### Task item
Find the line with "Dock äter vi" in the records below. Output exactly from there until after the line with "Slice your cake", without pictures.

### Records drawn from a dataset
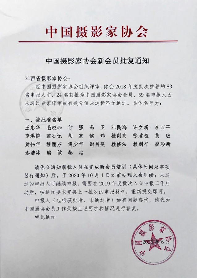 九江摄影网讯(宋小勇)在中国摄协2018年度批次新会员审核当中,江西省推荐的83名会员,最终有24人喜获批准,成为中国摄协新会员,通过率超过全国平均水平。其中九江有5人,他们是:冯卫、江民海、陈石记、桂剡高、黎忠,在全省属于领先水平。现将《中国摄影家协会新会员批复通知》转发如下:
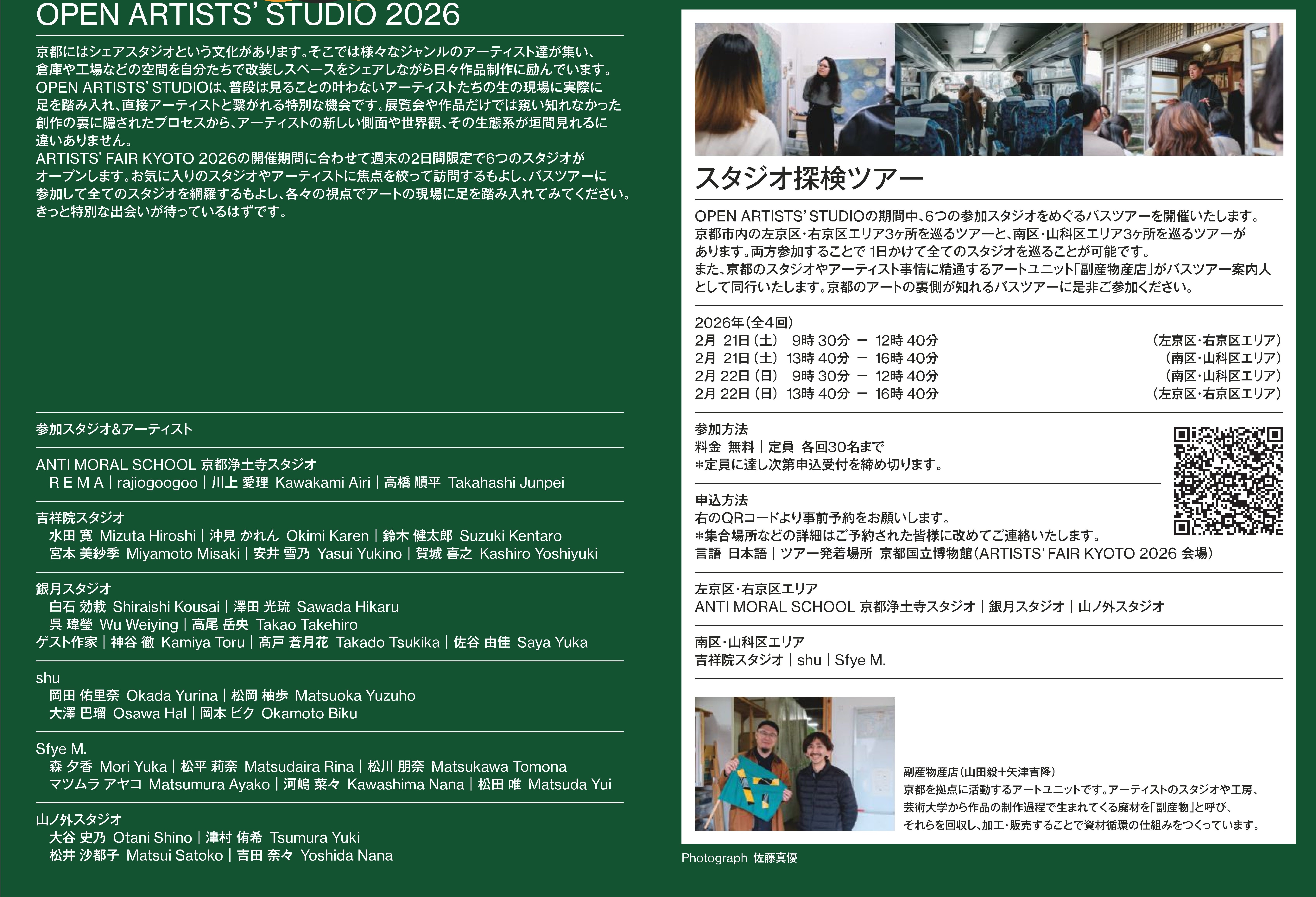 ■京都府では、若手アーティストのシェアスタジオを公開する「OPEN ARTISTS’ STUDIO 2026」を2月21、22日に開催します。
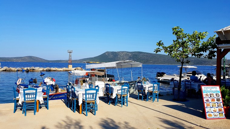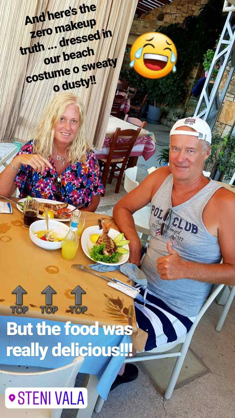 Dock äter vi en snabb lunch på den fantastiska tavernan vid Chrissi Milia innan vi ger oss av……..👌👌👌
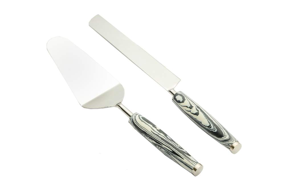 Slice your cake in style with this elegant set of 2 Stainless steel cake Serving set with a black composite stone handle and silver finished blades. The blunt-edged cake spatula is for serving the slice of cake while the sharp-edged knife is for slicing and serving cakes, Savories, and cupcakes with a hassle-free experience. Check out our coordinated Bar tools and Cheese Knives in the same look.
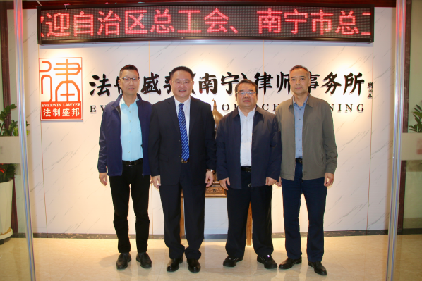 2025年12月23日上午,自治区总工会、南宁市总工会调研组一行莅临广东法制盛邦(南宁)律师事务所(以下简称“法制盛邦南宁分所”)调研基层工会工作。本次调研由自治区总工会基层工作部部长韦超新带队,南宁市总工会副主席、党组成员侯嘉康,南宁市总工会基层工作部部长李松林,自治区总工会基层工作部工作人员谢丽梅等调研组成员参加。良庆区人大常委会党组成员、副主任、城区总工会主席梁翠宣,良庆区总工会常务副主席闭耀新等陪同调研。
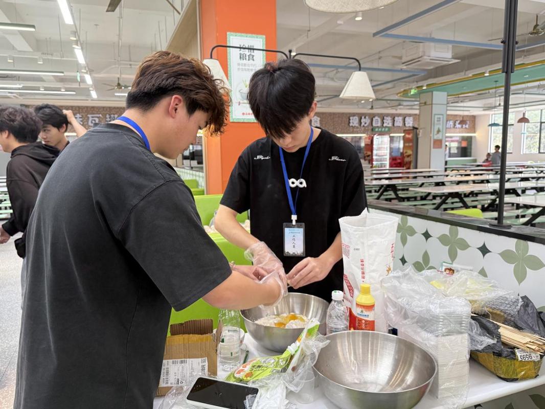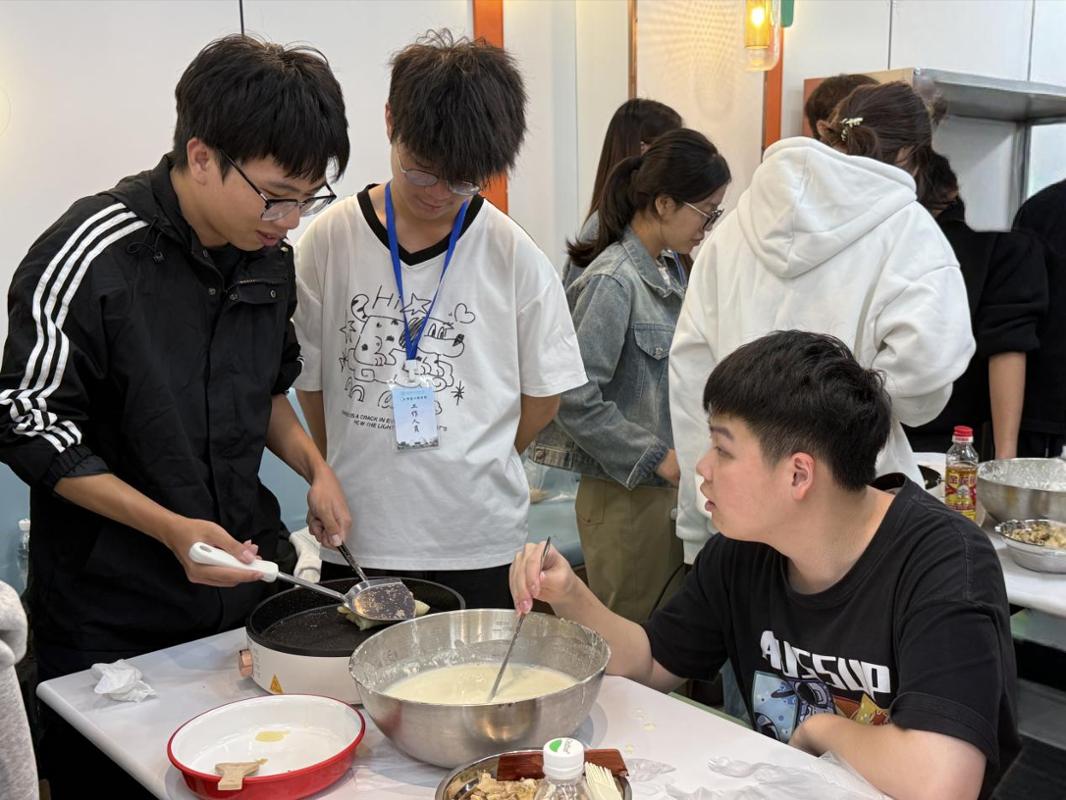 活动伊始,工作人员详细讲解了碧玉卷与竹编的制作流程和技巧。随后,各小组志愿者有序就位,认真投入实践环节。在碧玉卷制作区,同学们调面糊、摊面皮、包馅料,忙得不亦乐乎;取煎锅,刷薄油,倒面糊,待边缘微微卷起,一张融合秋日暖意的碧玉卷便跃然眼前。另一边的竹编区域同样气氛热烈,同学们有条不紊地摆放竹篾,采用“压一挑一”的编织技法,辅以胶带固定,最后以五彩绳系紧,一艘艘精巧的竹编小船逐渐成型。
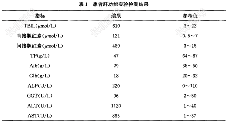 - 多项选择题3.[提示]该患者的实验室检测结果如下:血常规: 正常;网织红细胞计数: 正常;尿常规: 胆红素:(+++); 尿胆原:(+)。患者肝功能和免疫学检验结果见表1和表2。
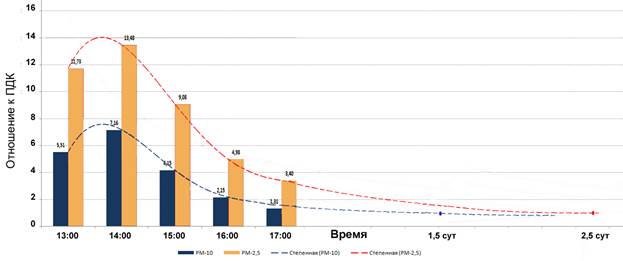 Тренды динамики соотношений измеренных концентраций с ПДК показывают, что РМ10/ПДК становится меньше единицы через 1,5 сутки после начала пылевой бури. Что касается соотношения РМ2,5/ПДК, то оно становится меньше единицы только через 2,5 сутки после начала пылевой бури. Субмикронные частицы остаются в воздухе в течение 1-2 недель.

### Solved problem
 Dock äter vi en snabb lunch på den fantastiska tavernan vid Chrissi Milia innan vi ger oss av……..👌👌👌
 Slice your cake in style with this elegant set of 2 Stainless steel cake Serving set with a black composite stone handle and silver finished blades. The blunt-edged cake spatula is for serving the slice of cake while the sharp-edged knife is for slicing and serving cakes, Savories, and cupcakes with a hassle-free experience. Check out our coordinated Bar tools and Cheese Knives in the same look.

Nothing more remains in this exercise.